Datasets and Research for Online Abuse

Over the past few years, a number of datasets have been released in a multitude of languages, we recommend that you consult the Hate Speech Data Repository to identify the best dataset for your research purposes.

The Alan Turing Institute has also created a Online Hate Research Hub, which contains a large number of (mostly UK focussed) resources for research, policymaking and civil society efforts to understand, analyse and counter online hate.

Stack Overflow Dataset

This year, we are repeating our data collaboration with Stack Overflow, who have released a dataset along with anonymized annotator information, to help investigate any potential annotation biases in their data.
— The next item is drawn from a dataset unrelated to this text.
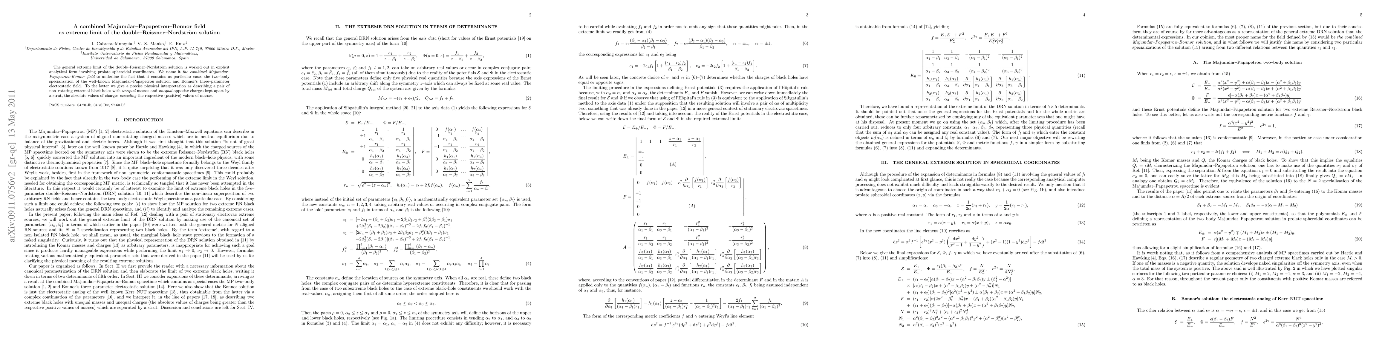The general extreme limit of the double-Reissner-Nordstrom solution is worked out in explicit analytical form involving prolate spheroidal coordinates. We name it the combined Majumdar-Papapetrou-Bonnor field to underline the fact that it contains as particular cases the two-body specialization of the well-known Majumdar-Papapetrou solution and Bonnor's three-parameter electrostatic field. To the latter we give a precise physical interpretation as describing a pair of non-rotating extremal black holes with unequal masses and unequal opposite charges kept apart by a strut, the absolute values of charges exceeding the respective (positive) values of masses.

To acquire the dataset, fulfil the following steps:

  • Go to the StackOverflow Academic Partnership Programme Page, read the information on the website and open the application form.

  • You can speed up the process of the application form by using our boilerplate text (below) for the question "What research is being proposed? What are the specific requirements of the project? What datasets are you interested in, if any?"

“We are requesting comment data along with anonymised annotator information, without user information for comments from Stack Exchange which have been subject to content moderation. The data will be used to research computational methods for detection of abusive or harmful content, with the aims of submitting our work to the 4th Workshop on Online Abuse and Harms (WOAH). To investigate automated methods for abuse detection, we require a dataset which contains the labels available in the Stack Overflow flagging structure - though a part may be unlabelled as to experiment with empirical evaluation on the trained methods.”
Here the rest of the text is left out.